● WHAT THE TASK ASKS: Below are the records; give again exactly the lines from the one containing "一个wave bank是包含多个wave文件的集合的文件, 扩展名.xwb" through the one containing "荔枝霜疫?。óa(chǎn)", leaving out pictures.

[Opening EXTRACTED RECORDS section]

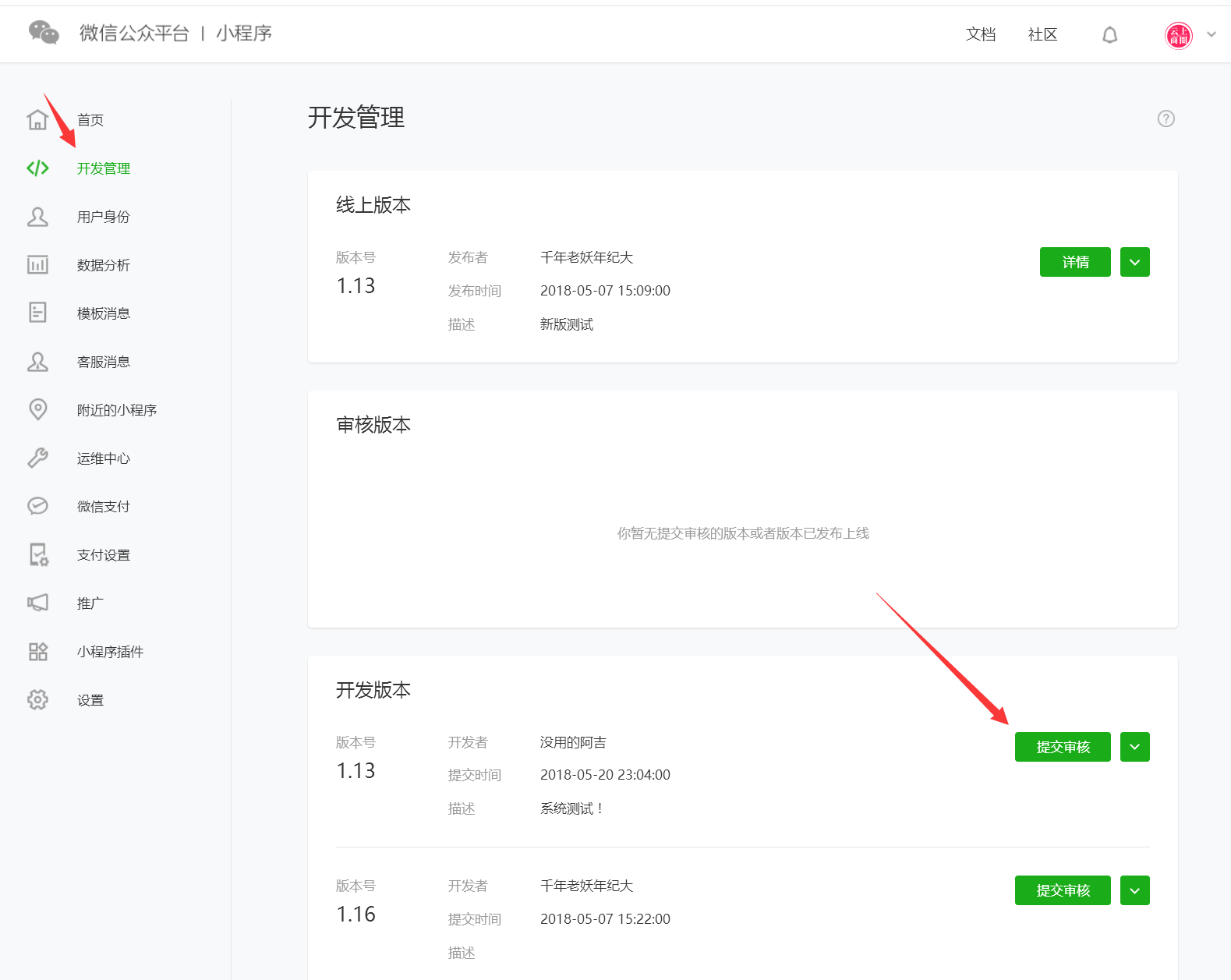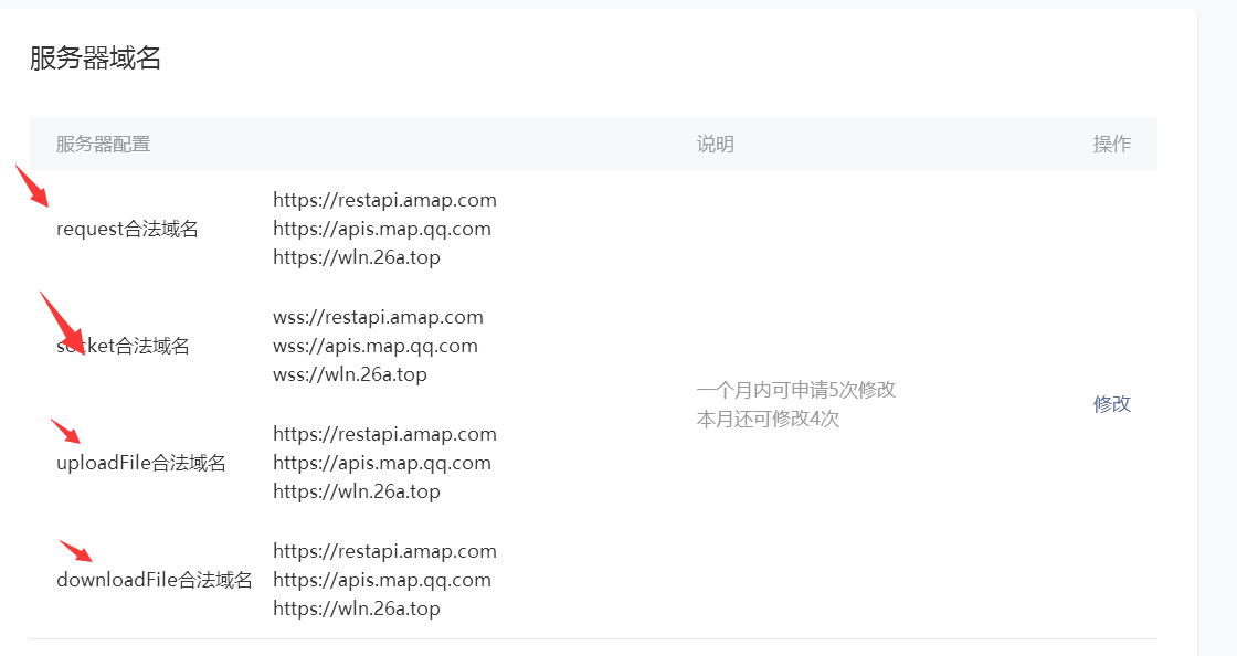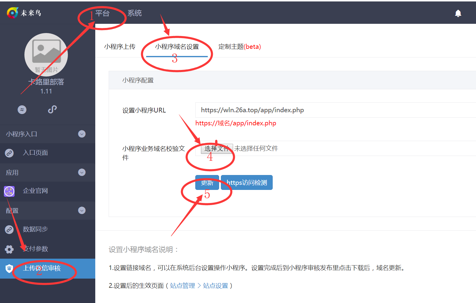 ### 前提 1.申请了微信小程序帐号 2.并通过了微信认证 ### 一.填写小程序信息 登录到微信小程序公众后台:[https://mp.weixin.qq.com/](https://mp.weixin.qq.com/ "https://mp.weixin.qq.com/") 请按照您的需要填写资料 小程序名称: 小程序头像: 小程序介绍 服务类目:请按照你行业所属的服务类目来选择和添加 填写完毕内容如下图(注意不要照抄XXXXX)  ### 二.整理对接到未来鸟平台需要的基础资料和域名设置 请整理好获取到如下资料,并使用文本来记录 注意:以下内容仅为范例,请为照抄 小程序原始ID:gh_6367c7130048449e 小程序APPDI:wx854d845def4cb354b83 小程序AppSecret: ec3f1910cf3932a3a53a745dd3e42179 #### 1.小程序原始ID 获取 小程序原始ID:  #### 2.开发设置获取AppID和AppSecret 注意:AppSecret 点生成以后,将需要管理扫码,而且这些密匙是不会保存在微信公众平台服务器上,请注意保存! 具体步骤,请看下图  #### 3.开始配置服务器域名 ##### 设置——开发设置——服务器域名——开始配置 ##### 请添加以下这几个域名进去,没有特殊需求,添加这三个域名即可! ###### restapi.amap.com ###### apis.map.qq.com ###### wln.26a.top  ##### 这四个合法的域名都填写成一样的! #### .4.未来鸟平台小程序添加 进入https://wln.26a.top 后台登录您的帐号 在小程序创建页面,点击去创建  选择手动添加小程序  新建单个小程序 打包生成小程序,仅针对开发者单个小程序插件.  设置小程序基础信息 这里的内容请从你的公众号或者你记录的文档中复制 特别注意的是版本号,必须使用以下格式:1.1.1 之类, 添加应用:请选择你要一键生成的小程序应用即可 完成后的范例图如下(请勿照抄) 然后点击下一步!  然后点击生成版本即可!  以后进入小程序配置页面 #### 请点击 平台 即可进入小程序配置页面 #### 请点击 应用 即可进入小程序内容页面  #### 5.业务域名设置 注意,到这里我们请先返回 https://mp.weixin.qq.com 后台 ##### 设置——开发设置——业务域名——开始配置 添加业务域名后,小程序内可调用组件打开限定域名内的网页。 业务域名没有特别要求只用填写 ###### wln.26a.top 保存即可 如果不可以保存,请下载校验文件然后上传到 wln.26a.top即可校验  ##### ‘下载校验文件’上传步骤 A.点击蓝色 下载校验文件 到本地  B.登录 wln.26a.top 平台 然后依次点击——平台——上传微信审核——小程序域名设置——上传(上传你刚下载的文件)——更新即可!  C,上传文件,并点击 更新 以后  我们在返回微信公众开放平台  点击保存即可!保存成功以后的效果图如下  #### 6.售后客服管理权限添加  请添加售后客服微信号: weilainiao2017 weilainiao2018 并给予全部权限 ###### 注意:以上2个为我们的两个售后专用员,你也可以添加你的小程序添加其他管理员!这里也可以选择不添加!如果不需要协助的话! 具体操作请看下图  #### 7.开发管理! A.登录 wln.26a.top 平台 ##### 然后依次点击——平台——应用(XXXXX)填充完内容以后 ##### 然后依次点击——平台——上传微信审核 ![] B.开发版可以在这里进行预览,进行小程序内容调试,微信扫码预览开版小程序  C.当你在开发版小程序中觉得没有问题,可以发布了时候,请点击 上传代码 按钮!  D.登录微信开放平台小程序后台——开发管理  ##### 提交最新的版本,注意,新提交的版本号要比原来的大 ##### 比如上次提交的是1.16 那么这次你要提交1.17 ##### 然后请注意您的管理员微信,审核通过以后会有模版消息通知  ##### 收到审核通过的通知以后,再次登录微信开发者平台——开发者管理——审核版本——点击右侧的 全量发布(意思是全网发布的意思),小程序就正式上线了! ![]
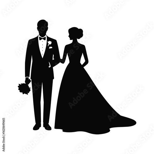 silhouette of bride and groom standing together in elegant wedding attire, romantic couple illustration with bouquet and formal outfits
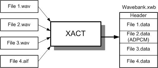 一个wave bank是包含多个wave文件的集合的文件, 扩展名.xwb
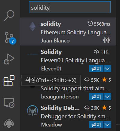 vscode 열고 Ctrl + Shift + X 누르거나 여기 누르면 솔리디티 검색해서 깔면 됨!
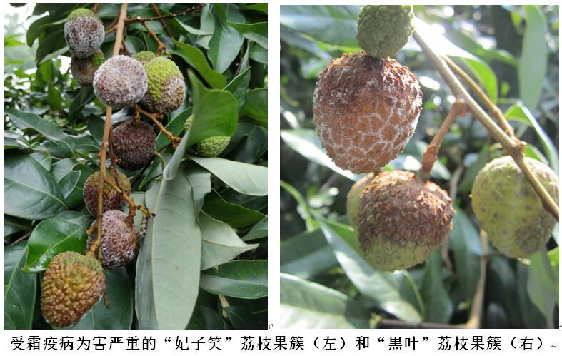 荔枝霜疫?。óa(chǎn)區(qū)也稱霜疫霉病或霜霉病)是我國除海南外其它主產(chǎn)區(qū)的最主要病害,在荔枝果實(shí)轉(zhuǎn)色至成熟采摘階段,如遇雨天最易發(fā)生流行,可造成大量的荔枝果實(shí)腐爛、脫落(見下圖)。近期,廣西、珠三角及以北地區(qū)出現(xiàn)新一輪強(qiáng)降水,荔枝病蟲害監(jiān)測站調(diào)查發(fā)現(xiàn),荔枝霜疫病在各產(chǎn)區(qū)不同程度發(fā)生,少數(shù)果園病果率在15%以上。據(jù)中國天氣網(wǎng)最新預(yù)報:未來10天,我國江南、華南、西南地區(qū)東部及江漢等地降雨量將達(dá)到50—100毫米,部分地區(qū)達(dá)到120—180毫米,局地超過250毫米,降雨量較常年同期偏多3—6成。這將加重荔枝霜疫病的發(fā)生與流行。對此,專家建議荔枝主產(chǎn)區(qū)監(jiān)測站和生產(chǎn)管理部門應(yīng)密切關(guān)注本地區(qū)天氣變化,加強(qiáng)監(jiān)測與應(yīng)對,指導(dǎo)荔枝種植者做好防控工作。
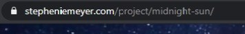 Voltando para a notícia, quando abrimos o site da autora stepheniemeyer.com aparece a contagem regressiva e um link para continuar, onde aparece o conteúdo restante do site normal. Mas… o rascunho que a autora postou desapareceu e quando você pesquisa no Google ‘Stephenie Meyer Midnight Sun drafts’ (que traduz para Sol da meia noite rascunhos) não aparece o rascunho e sim você é redirecionado para o site com a contagem regressiva mas com o endereço diferente sendo esse stepheniemeyer.com/project/midnight-sun/.
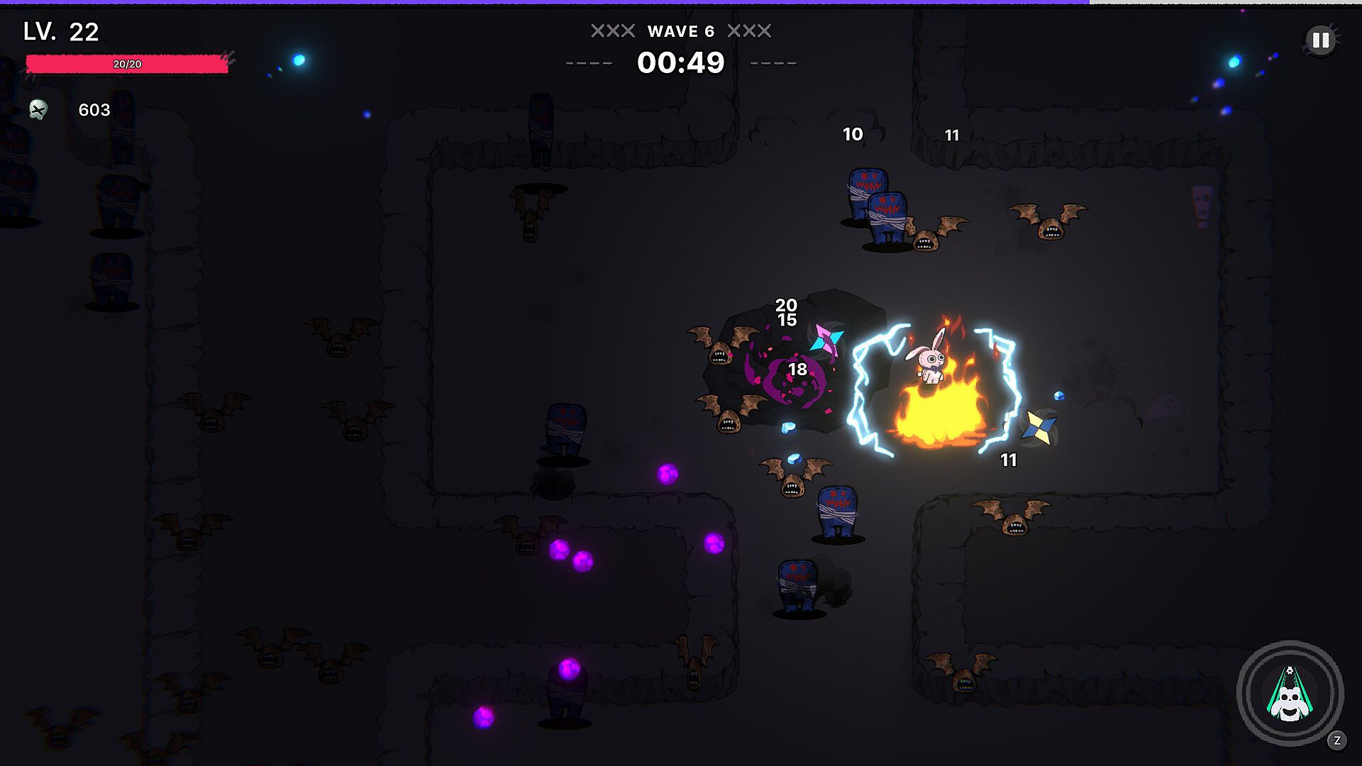 Fast-paced top-down combat against hordes of nightmare creatures
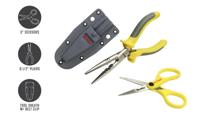 Smith’s Mr. Crappie 6.5″ Pliers and 3″ Scissor Combo make the perfect pair for any fisherman. The hard case will allow your tools to dry from each use and keeps the right by your side when you need them most. Remove the belt clip and mount directly to your boat rail or bait board.

[Closing EXTRACTED RECORDS section]

● REPLY:
 一个wave bank是包含多个wave文件的集合的文件, 扩展名.xwb
 vscode 열고 Ctrl + Shift + X 누르거나 여기 누르면 솔리디티 검색해서 깔면 됨!
 荔枝霜疫?。óa(chǎn)區(qū)也稱霜疫霉病或霜霉病)是我國除海南外其它主產(chǎn)區(qū)的最主要病害,在荔枝果實(shí)轉(zhuǎn)色至成熟采摘階段,如遇雨天最易發(fā)生流行,可造成大量的荔枝果實(shí)腐爛、脫落(見下圖)。近期,廣西、珠三角及以北地區(qū)出現(xiàn)新一輪強(qiáng)降水,荔枝病蟲害監(jiān)測站調(diào)查發(fā)現(xiàn),荔枝霜疫病在各產(chǎn)區(qū)不同程度發(fā)生,少數(shù)果園病果率在15%以上。據(jù)中國天氣網(wǎng)最新預(yù)報:未來10天,我國江南、華南、西南地區(qū)東部及江漢等地降雨量將達(dá)到50—100毫米,部分地區(qū)達(dá)到120—180毫米,局地超過250毫米,降雨量較常年同期偏多3—6成。這將加重荔枝霜疫病的發(fā)生與流行。對此,專家建議荔枝主產(chǎn)區(qū)監(jiān)測站和生產(chǎn)管理部門應(yīng)密切關(guān)注本地區(qū)天氣變化,加強(qiáng)監(jiān)測與應(yīng)對,指導(dǎo)荔枝種植者做好防控工作。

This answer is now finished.